• **About this exercise**: Set down the data below from its first line to the line holding "Tongsoi Khumi, from", inclusive; omit all pictures.

• **Information shown**:
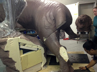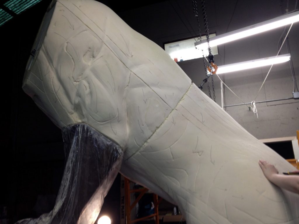 I’m paying close attention to the weather report these days. In Houston it is always hotter than it appears in the weather report. Some say that is because of our humidity. I must tell you, being in a metal warehouse with no AC it is even hotter. Yesterday, as we worked on the clay, we did not even need a torch to make it malleable That makes me a bit worried. I’m glad the tiger is swinging from the winch instead of up in the hottest part of the warehouse. This will soon change. We need to put the tiger back up for approval. We are working diligently to get an approval of the sculpture as soon as possible. Once it is up in the air it is best if it does not have to stay there long. We hope to have approval this week. Then we can take apart the pieces and bring some of them back to my air conditioned studio to get them ready for the foundry.
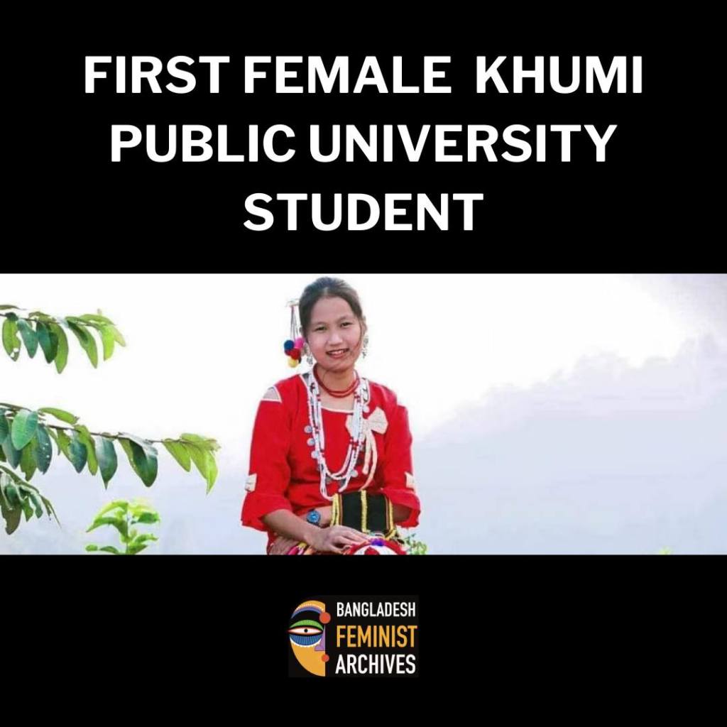 Tongsoi Khumi, from Bandarban’s Mongyo Para, is the first Khumi female student enrolled in a public university (Shahjalal University of Science and Technology).
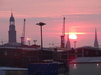 Keywords: morgenrot sunrise dawn skies hamburg red sky city dusk evening sun pink sky
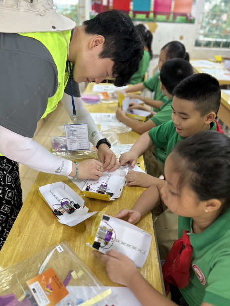 ▲ 지난해 6월 LS 대학생 해외봉사단 26기 단원이 베트남 하이퐁시에서 초등학생들에게 '태양전지자동차 만들기' 교육 프로그램을 진행하고 있다. (사진=LS그룹 제공) |

• **Task result**:
 I’m paying close attention to the weather report these days. In Houston it is always hotter than it appears in the weather report. Some say that is because of our humidity. I must tell you, being in a metal warehouse with no AC it is even hotter. Yesterday, as we worked on the clay, we did not even need a torch to make it malleable That makes me a bit worried. I’m glad the tiger is swinging from the winch instead of up in the hottest part of the warehouse. This will soon change. We need to put the tiger back up for approval. We are working diligently to get an approval of the sculpture as soon as possible. Once it is up in the air it is best if it does not have to stay there long. We hope to have approval this week. Then we can take apart the pieces and bring some of them back to my air conditioned studio to get them ready for the foundry.
 Tongsoi Khumi, from Bandarban’s Mongyo Para, is the first Khumi female student enrolled in a public university (Shahjalal University of Science and Technology).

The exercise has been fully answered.